Write the Code in Code Stage:
System.GC.Collect()
'filteredCollection=RawData.clone()
'filteredCollection=RawData.DefaultView.ToTable(true, columnToCheck)
dim count as integer=rawData.rows.count-1
dim i as integer =0
dim rowIndex as integer
for rowIndex = rawData.rows.count-2 to 0 step rowIndex-1
if rawData.rows(rowIndex).item(columnToCheck1)=rawData.rows(rowIndex+1).item(columnToCheck1)

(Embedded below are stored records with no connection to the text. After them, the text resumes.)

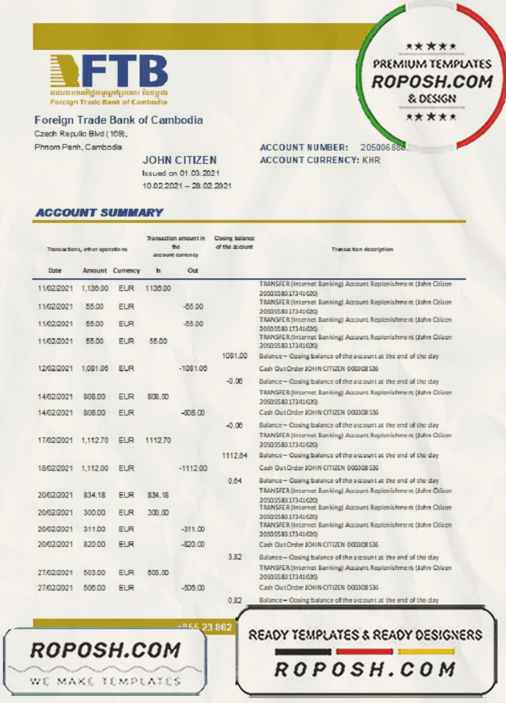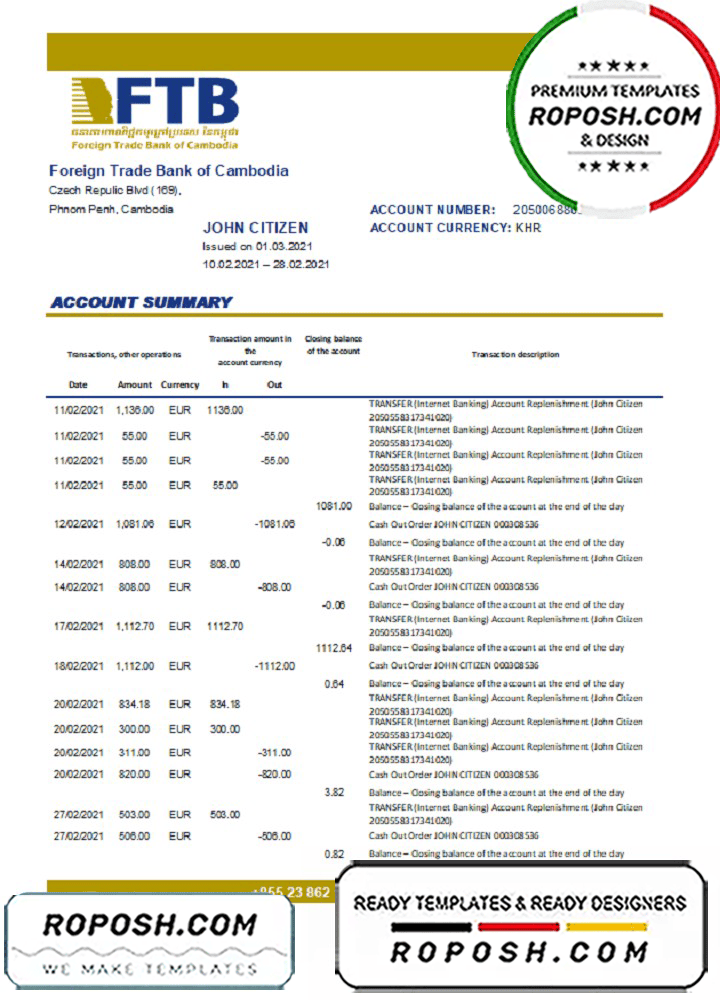 Get your fully editable Cambodia Foreign Trade Bank Statement Template from Roposh today. Customize it with your own information to create a realistic bank statement. This is especially useful if your original statement is expired, stolen, or unavailable. We also offer a variety of other templates including editable credit cards, ID cards, bank statements, driver’s licenses, and printable utility bills.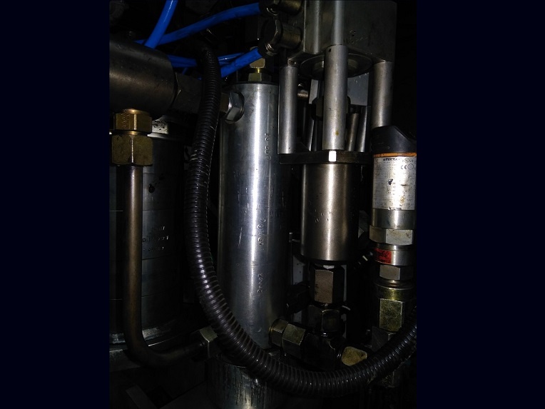 Экструдер полисульфида/силикона с гидравлическим приводом всех насосов и дозирующими насосами с пропорционально регулируемым выходом материала до 4 литров в минуту.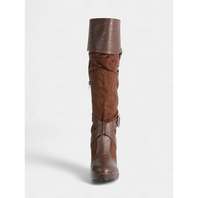 Women's Brown Medieval Over-the-Knee Boots with High Stiletto Heels and Buckle Strap Design, Vintage Renaissance Style Fashion Boots for Costume Parties, Cosplay & Night Out 4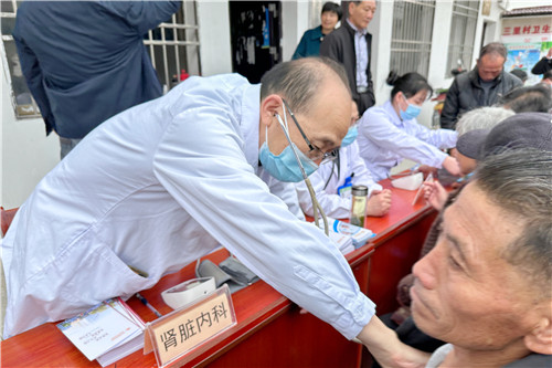 3月29日,石化醫(yī)院黨委副書記汪文曉帶領(lǐng)專家團(tuán)隊(duì)一行14人,攜B超機(jī)、心電圖機(jī)等設(shè)備驅(qū)車2個(gè)多小時(shí),奔赴潛山市三里村開展大型義診活動(dòng),為當(dāng)?shù)鼐用袼腿?yōu)質(zhì)便利的醫(yī)療服務(wù)。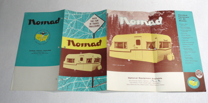 | 15517 | Staff | Nomad Travel Trailers | Nomad Travel Trailers Division of Skyline Homes, Inc. | Good. Punched for a 3 ring binder. | 18 x 11 inch 3 fold brochure for Nomad Travel trailers from the late? 1960s. Multiple trailers are pictured along with 8 floor plans. | Nomad Travel Trailers, recreation vehicle, ephemera | $20 |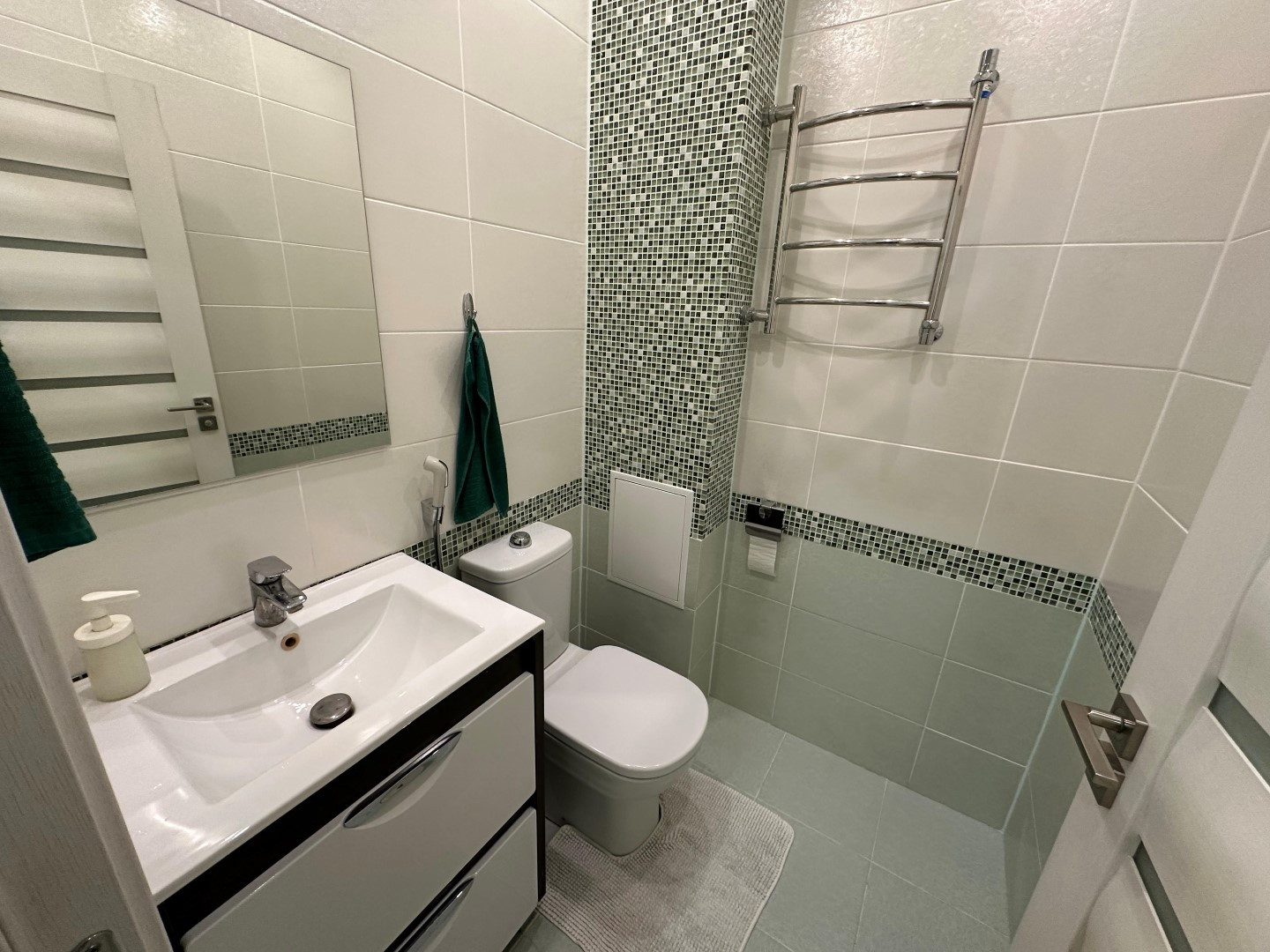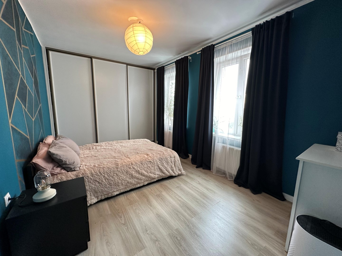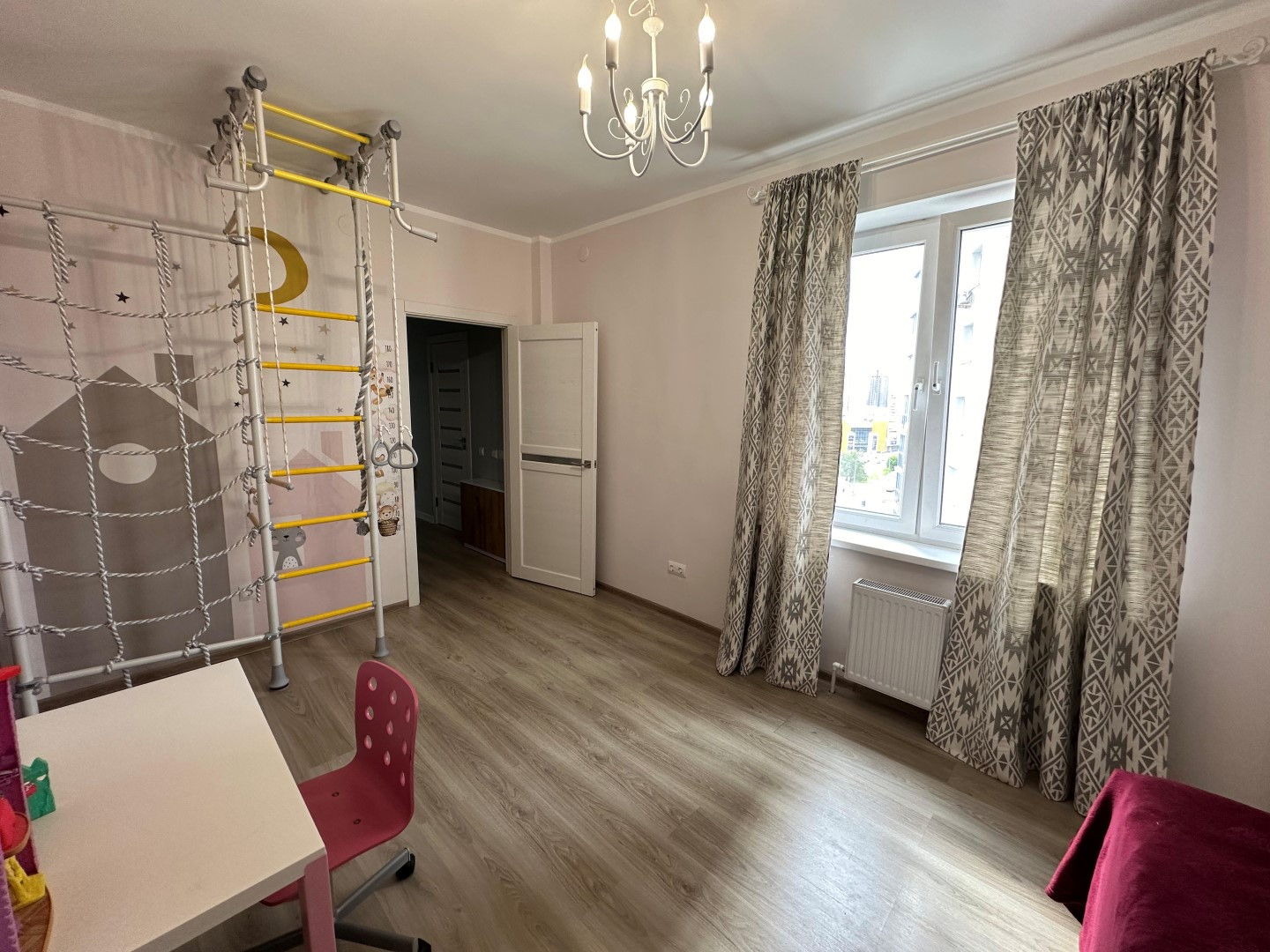 В квартире сделан очень качественный евро ремонт: на полу дорогой ламинат, стены окрашены-в комнатах, выровненные потолки со стильными светильниками, установлены современные межкомнатные двери и металлическая входная дверь с надежными замками, пластиковые премиальные стеклопакеты. Сан. узел отделан Испанской кафельной плиткой, в нем размещены стиральная машинка и водонагреватель, теплый электрический пол, кондиционер.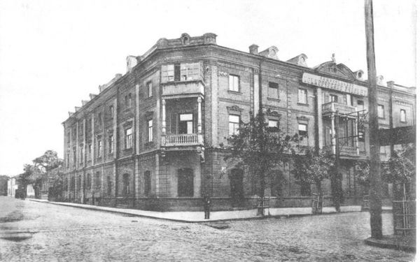 Будинок, в якому розміщувалося Єлисаветградське комерційне училище, засноване Василем Харцієвим в 1908 році, на розі вулиць Шульгіних та Дворцової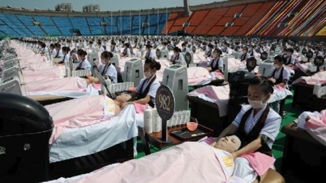 Mezz'ora di trattamento di bellezza con la classica maschera per il viso è valsa a mille donne cinesi e a mille estetiste un posto nel Guinness World Record. Allo stadio di Jinan, in Cina, è stato infatti stracciato il precedente primato registrato a Mumbai, in India, nel 2014, quando in 287 provarono in contemporanea a farsi più belle. Non solo maschere al viso: le protagoniste dell'impresa hanno potuto approfittare dell'occasione per pulizia del viso, idratazione e un bel massaggio.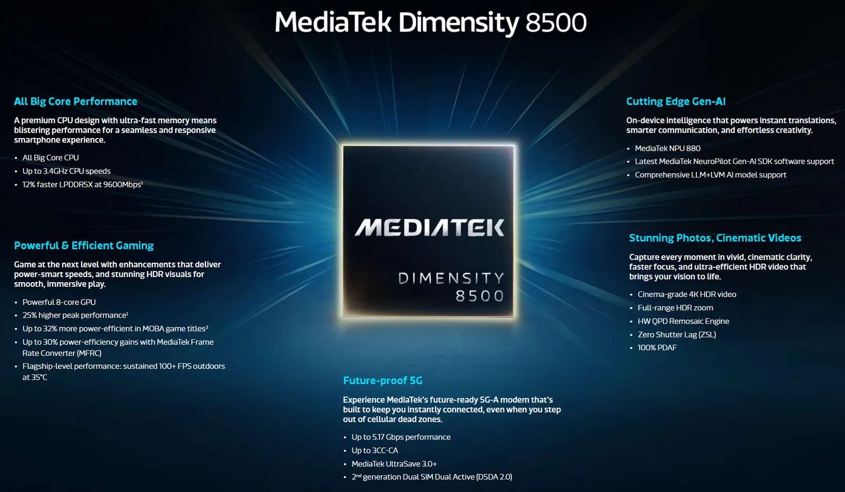 Процессор Dimensity 8500 предназначен для премиального сегмента. Его производят по 4-нанометровой технологии. Архитектура CPU также состоит из восьми высокопроизводительных ядер, но модели Cortex-A725. Максимальная тактовая частота этих ядер составляет 3,4 ГГц. Чип поддерживает оперативную память типа LPDDR5X со скоростью до 9600 Мбит/с. Графическая подсистема представлена процессором Mali-G720. По заявлениям MediaTek, этот GPU обеспечивает на 25% более высокую пиковую производительность и на 20% меньшее энергопотребление по сравнению с предыдущим поколением. В этом процессоре также реализована поддержка трассировки лучей, что делает эту технологию доступной для более широкого круга устройств.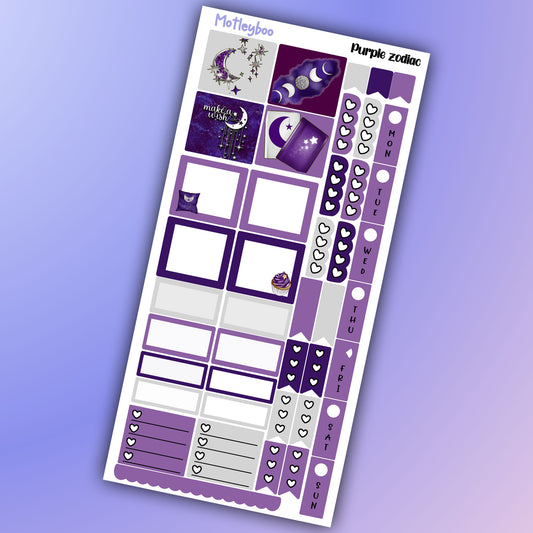 Hobonichi weeks, sticker kit, hobonichi planner, black zodiac, celestial stickers, witchy planner, hobonichi functional stickers, purple zodiac

rawData.rows(rowIndex+1).delete
end if
next
filteredCollection=rawData.copy()
Publish and move back to process and Sort your collection which needs duplication removal and call the above action.
Results:
Cases where only single column values are to be checked for duplication row elimination - you can follow above approach for for multiple column check there are additional threads where I have said about duplication elimination depending on number of columns, if you have more than two or three columns validation for duplication elimination, you can refer that as well and observe how code changes - the code just adds few more conditions to check pretty much straight forward- refer https://community.blueprism.com/discussion/remove-duplicate-rows-based-on-3-column-names?ReturnUrl=%2fcontent%2fallrecentposts
------------------------------
Kindly up vote this as "Best Answer" if it adds value or resolves your query in anyway possible, happy to help.
Regards,
Mukesh Kumar - Senior Automation Developer
NHS England, United Kingdom, GB
------------------------------
05-01-24 03:13 PM
Great suggestion, worked perfectly. I personally had to tweak the code because I wanted to change the name of the Inputs and Outputs - very useful VBO addition.
29-04-24 04:17 PM
Hi BP team, can we please get this action added to the native Utilty-Collection VBO as this is very common scenario where the user wants to delete the duplicate rows and should be available in out-of-box utility.